Problemem są pieniądze
Według niego takie podejście "potencjalnie tworzy setki miejsc pracy dla specjalistów". Soloch przyznał, że problemem w przypadku programu, który ma kosztować dziesiątki miliardów złotych, "są oczywiście pieniądze". Zaproponował, by do czasu osiągnięcia 2,5 proc. PKB na obronę rozważyć finansowanie Narwi spoza budżetu MON, w podobnej formule, jaką zastosowano przy zakupie samolotów F-16.
- Projektem modernizacyjnym, który zapewne najmocniej kojarzy się z ośrodkiem prezydenckim, jest odbudowa Marynarki Wojennej RP - stwierdził Soloch. Zwrócił uwagę na to, że po raz pierwszy strategia bezpieczeństwa narodowego uwzględnia kwestie bezpieczeństwa morskiego.
Agencja Uzbrojenia
Minister obrony Mariusz Błaszczak, który zapowiadał powołanie Agencji Uzbrojenia, poinformował o przygotowaniu projektu ustawy, która zostanie przekazana do konsultacji rządowi.

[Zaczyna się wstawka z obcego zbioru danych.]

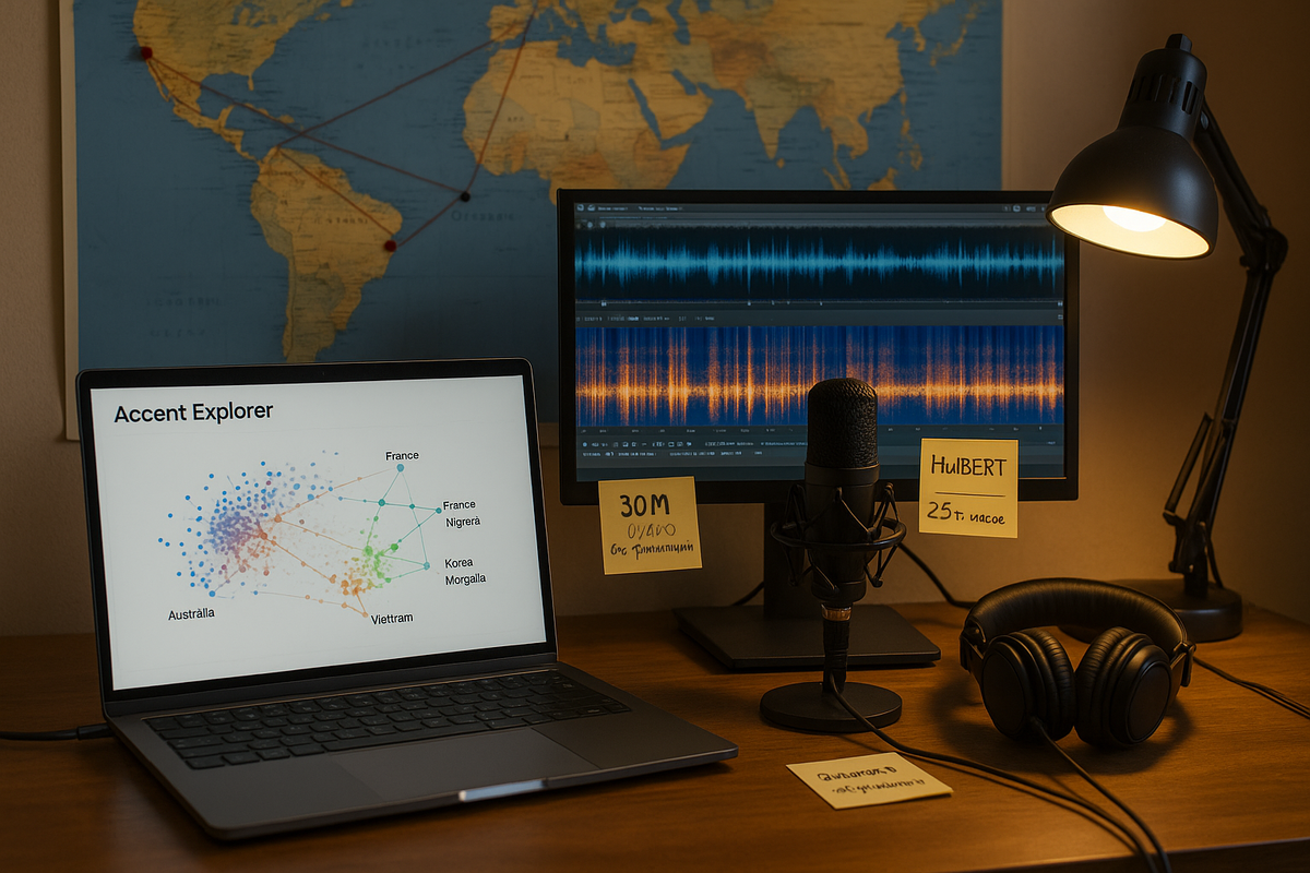 Мир языков — это не только слова и грамматика, но и акценты, отражающие историю, миграцию и культурные контакты. Команда BoldVoice решила взглянуть на это глазами искусственного интеллекта — точнее, его ушами. Результатом стал проект Accent Explorer: интерактивная 3D-визуализация, показывающая, как ИИ группирует акценты английской речи без всяких текстов или лингвистических подсказок. В основе проекта лежит модель HuBERT — это аудио-фундаментальная нейросеть, обученная понимать структуру речи без транскрипций. Инженеры BoldVoice дообучили её на 25 000 часах речи от 200 носителей разных языков, не предоставляя модели ни текстов, ни расшифровок — только голос. 🎛️ Архитектура модели выглядит так: Итого: 94,6 млн параметров, неделя обучения на кластерe NVIDIA A100 и 30 млн звуковых фрагментов. Модель анализирует только звучание, а не смысл, и именно это делает результат особенно чистым — мы видим не лексику, а музыку речи. После обучения исследователи применили метод UMAP для проекции мно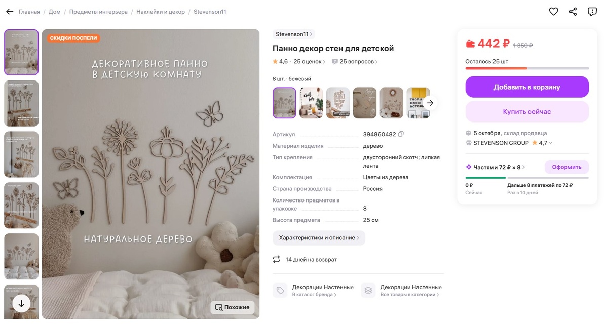 источником идей и хорошего настроения! Иногда хочется, чтобы в доме было особенно уютно: мягкие пледы, красивые детали интерьера и вещи, которые радуют глаз каждый день. Я собрала для вас подборку товаров, которые точно смогут создать настроение тепла и гармонии. Всё это можно найти на Wildberries и, честно говоря, я сама не удержалась бы, чтобы заказать парочку позиций. Если вы хотите добавить в детскую нежности и волшебства - обратите внимание на это панно с цветами. Оно выполнено вручную, поэтому выглядит очень трогательно и живо. Представьте: мягкие объёмные цветы и бабочки украшают стену над кроваткой или в игровой зоне. Комната сразу наполняется теплом и сказочностью. Такой декор легко крепится, он безопасен и не занимает много места. А ещё это классная идея для подарка на рождение малыша или день рождения ребёнка. Интерьер сразу становится особенным, с лёг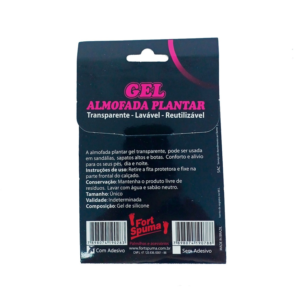 A almofada plantar em gel transparente, pode ser usada em sandálias rasteiras ou de salto. Escarpins ou botas. Aumentando o amortecimento do calçado e ajudando a melhorar o ajuste no caso de estar folgado em meio ponto. Possiu uma face lisa com autocolante protegido por um plastico a ser removido na aplicação. E a face superior com textura de bolinhas para melhorar a aderência nos pés. Possui formato ideal para acomodar a parte frontal dos pés Antes de instalar indicamos a limpeza do calçado com álcool para garantir que a palmilha tenha a melhor fixação possível Depois de instalada pode ser lavada com água e sabão neutro normalmente. Tamanho único de 9cm de comprimento por 6,5cm no ponto mais largo 2 a 3mm de espessura Composição: Gel de Silicone Observação: cada embalagem contém um par Produto ORIGINAL e com garantia. *Após comprar, não esqueça de avaliar nosso produto e nosso atendimento, seu feedback é muito importante para nós, com ele temos como medir onde manter a qualidade e onde melhorar*
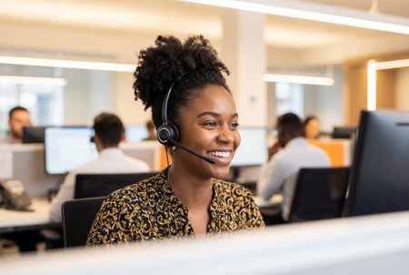 Professional young black female call center operator wears a headset and smiles while assisting a client on a computer in a busy corporate office environment with colleagues working behind her.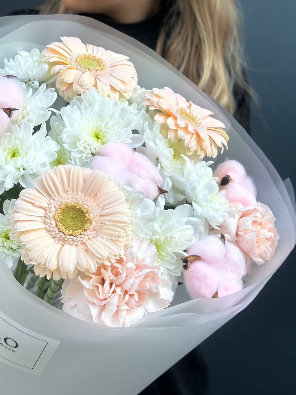 Пастельная гамма с переходами от белого к сливочному создаёт почти акварельный эффект. Гортензия и эустома образуют воздушную текстуру, а кустовая роза добавляет графичности. Букет напоминает летнее утро в саду.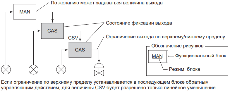 Значение задания SV вторичного контура отслеживает движение выходного значения главного контура MV, если движение совершается в направлении снятия фиксации, и не отслеживает значение MV главного контура, а сохраняет текущее значение, если движение совершается в направлении фиксации.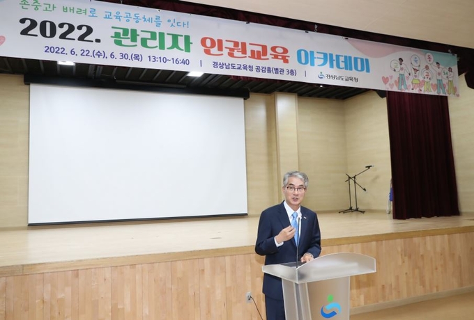 경남교육청은 지난 22일과 30일 공감홀에서 상반기 인권 교육 아카데미를 열었다. 유치원, 초·중등학교, 특수학교의 교(원)장·교(원)감, 교육전문직원 300명을 대상으로 특강과 토의 형식으로 총 2회를 진행했다.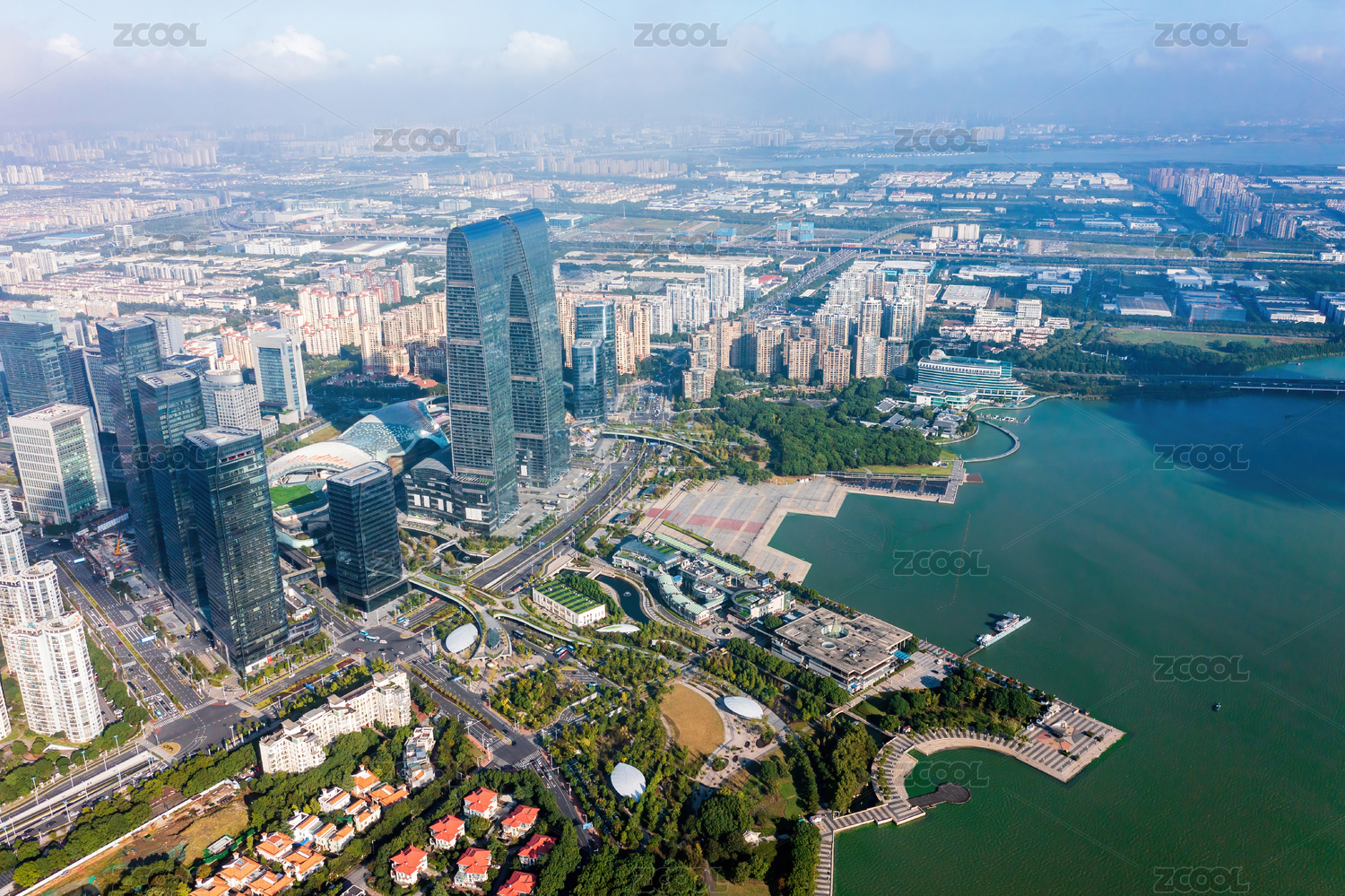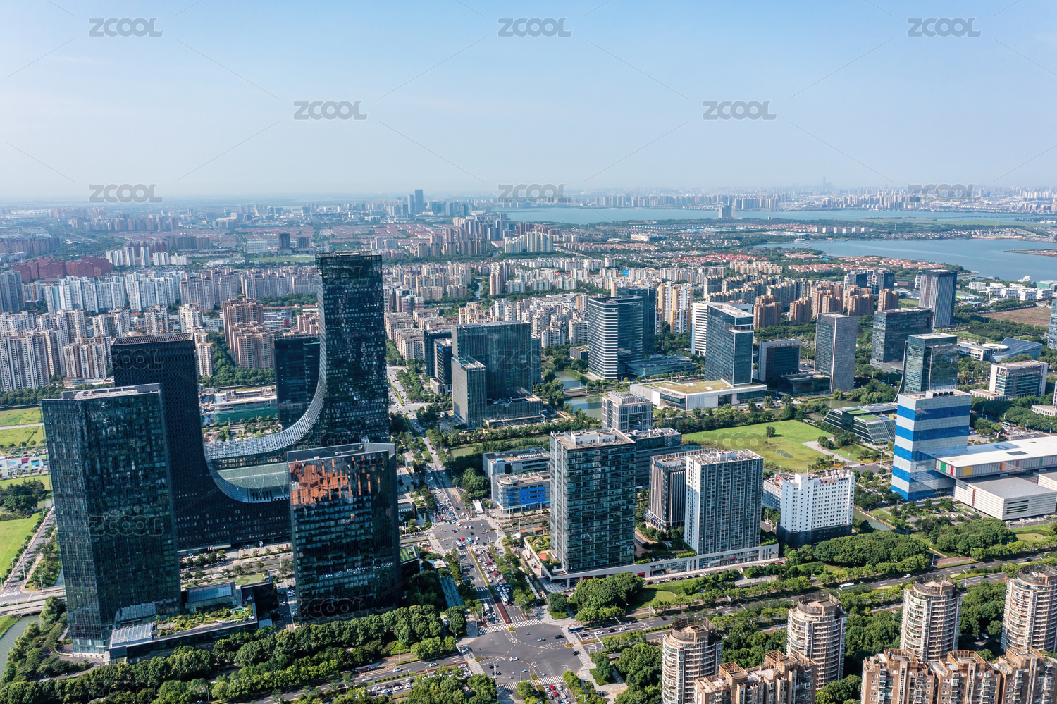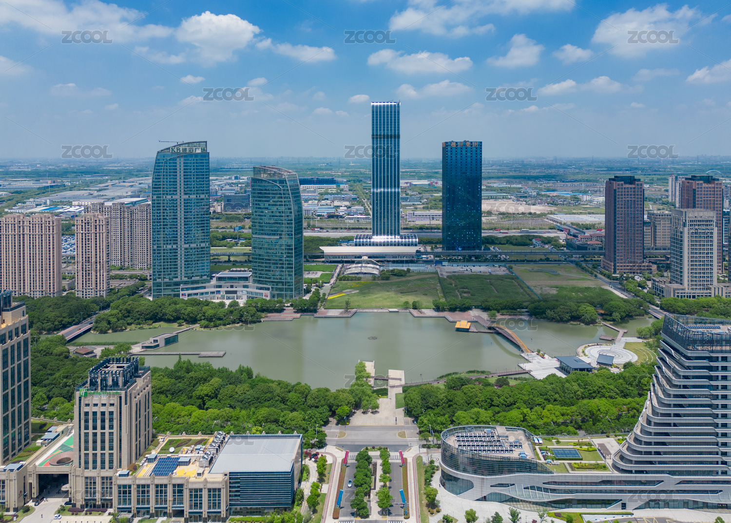 中国江苏苏州金鸡湖CBD城市航拍风光

- Nowe jednostki, więcej żołnerzy. Mariusz Błaszczak chce wzmacniać armię
- MON podpisał nowe umowy na zakup uzbrojenia dla polskiego wojska
Agencja ma się zajmować całym procesem wyboru, zakupu, eksploatacji i wycofania sprzętu. Ma powstać z połączenia Inspektoratu Uzbrojenia, Inspektoratu Implementacji Innowacyjnych Technologii Obronnych, Biura ds. Umów Offsetowych MON, części Wojskowego Centrum Normalizacji, Jakości i Kodyfikacji, Inspektoratu Wsparcia Sił Zbrojnych i Agencji Mienia Wojskowego.
Wojsko jako użytkownik ma jedynie wskazywać zdolności, jakie może uzyskać dzięki nowemu sprzętowi. Agencja będzie przedstawiać warianty sposobów osiągnięcia tych zdolności.